OptSurvCutR (Optimal Survival Cut-points R) provides a rigorous, reproducible three-step workflow for discovering the optimal number and location of cut-points in time-to-event (survival) data. Designed for continuous predictors (e.g., gene expression, virome abundance, biomarkers), it moves beyond arbitrary median splits to fully data-driven stratification.

Why OptSurvCutR?

Feature Benefit
Optimal number of cuts Uses AIC, AICc, or BIC to select 0–k cut-points
Flexible search Systematic grid or genetic algorithm (rgenoud)
Covariate adjustment Control for confounders during cut-point discovery
Bootstrap validation 95% confidence intervals for cut-point stability
Publication-ready plots Kaplan–Meier, optimisation curves, Schoenfeld residual diagnostics

Installation

You can install the development version of OptSurvCutR from GitHub.
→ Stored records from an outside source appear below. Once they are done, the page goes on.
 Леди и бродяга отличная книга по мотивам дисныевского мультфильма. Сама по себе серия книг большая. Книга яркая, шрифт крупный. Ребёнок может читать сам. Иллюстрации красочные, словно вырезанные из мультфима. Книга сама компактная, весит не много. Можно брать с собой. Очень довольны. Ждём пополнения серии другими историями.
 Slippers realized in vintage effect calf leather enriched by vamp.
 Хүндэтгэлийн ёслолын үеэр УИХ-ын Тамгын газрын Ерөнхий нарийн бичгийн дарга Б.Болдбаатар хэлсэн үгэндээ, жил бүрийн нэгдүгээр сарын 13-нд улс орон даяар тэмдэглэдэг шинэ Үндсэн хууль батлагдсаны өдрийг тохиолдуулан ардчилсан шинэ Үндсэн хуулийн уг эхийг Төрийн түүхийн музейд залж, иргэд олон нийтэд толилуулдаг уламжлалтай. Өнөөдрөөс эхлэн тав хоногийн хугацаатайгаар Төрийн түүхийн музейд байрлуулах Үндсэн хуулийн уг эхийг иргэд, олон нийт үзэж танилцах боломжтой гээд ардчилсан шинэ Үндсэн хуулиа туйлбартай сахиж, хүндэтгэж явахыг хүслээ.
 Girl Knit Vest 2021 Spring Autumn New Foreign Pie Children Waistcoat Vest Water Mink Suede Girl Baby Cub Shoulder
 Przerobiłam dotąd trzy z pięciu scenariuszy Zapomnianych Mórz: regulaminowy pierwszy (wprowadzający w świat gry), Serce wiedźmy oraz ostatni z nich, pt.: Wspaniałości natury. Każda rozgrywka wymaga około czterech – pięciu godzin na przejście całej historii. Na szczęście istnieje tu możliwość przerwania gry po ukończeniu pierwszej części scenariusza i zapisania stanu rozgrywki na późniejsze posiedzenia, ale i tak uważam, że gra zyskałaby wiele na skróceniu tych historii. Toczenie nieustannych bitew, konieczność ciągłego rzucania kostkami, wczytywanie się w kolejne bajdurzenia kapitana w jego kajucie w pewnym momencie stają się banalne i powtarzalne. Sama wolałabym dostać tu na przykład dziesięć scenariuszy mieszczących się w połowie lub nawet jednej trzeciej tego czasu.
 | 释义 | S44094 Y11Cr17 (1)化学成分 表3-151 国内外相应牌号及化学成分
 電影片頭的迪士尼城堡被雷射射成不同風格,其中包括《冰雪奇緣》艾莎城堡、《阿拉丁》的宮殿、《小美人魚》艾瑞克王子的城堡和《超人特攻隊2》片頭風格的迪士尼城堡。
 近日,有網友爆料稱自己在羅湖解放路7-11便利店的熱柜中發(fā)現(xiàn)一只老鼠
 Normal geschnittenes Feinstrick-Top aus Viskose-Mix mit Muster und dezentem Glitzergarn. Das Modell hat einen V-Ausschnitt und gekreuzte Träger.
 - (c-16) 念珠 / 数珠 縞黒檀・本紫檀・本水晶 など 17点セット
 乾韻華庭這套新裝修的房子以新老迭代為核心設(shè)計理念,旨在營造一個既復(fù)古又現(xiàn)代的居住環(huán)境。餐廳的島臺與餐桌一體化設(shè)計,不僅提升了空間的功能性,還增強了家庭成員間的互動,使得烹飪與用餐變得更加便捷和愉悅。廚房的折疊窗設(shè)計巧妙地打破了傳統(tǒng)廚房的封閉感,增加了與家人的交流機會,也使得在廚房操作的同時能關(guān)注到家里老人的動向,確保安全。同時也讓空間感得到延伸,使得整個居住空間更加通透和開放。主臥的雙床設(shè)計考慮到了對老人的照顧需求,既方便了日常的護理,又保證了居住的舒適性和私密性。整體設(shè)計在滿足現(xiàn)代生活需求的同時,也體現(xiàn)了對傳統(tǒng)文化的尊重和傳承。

Note that the genetic algorithm (method = "genetic") requires the rgenoud package, which should be installed separately from CRAN if you plan to use it.

# Core dependencies
install.packages(c("remotes", "survival"))

# Optional but highly recommended for >2 cuts
install.packages("rgenoud")

# Install the development version from GitHub
remotes::install_github("paytonyau/OptSurvCutR")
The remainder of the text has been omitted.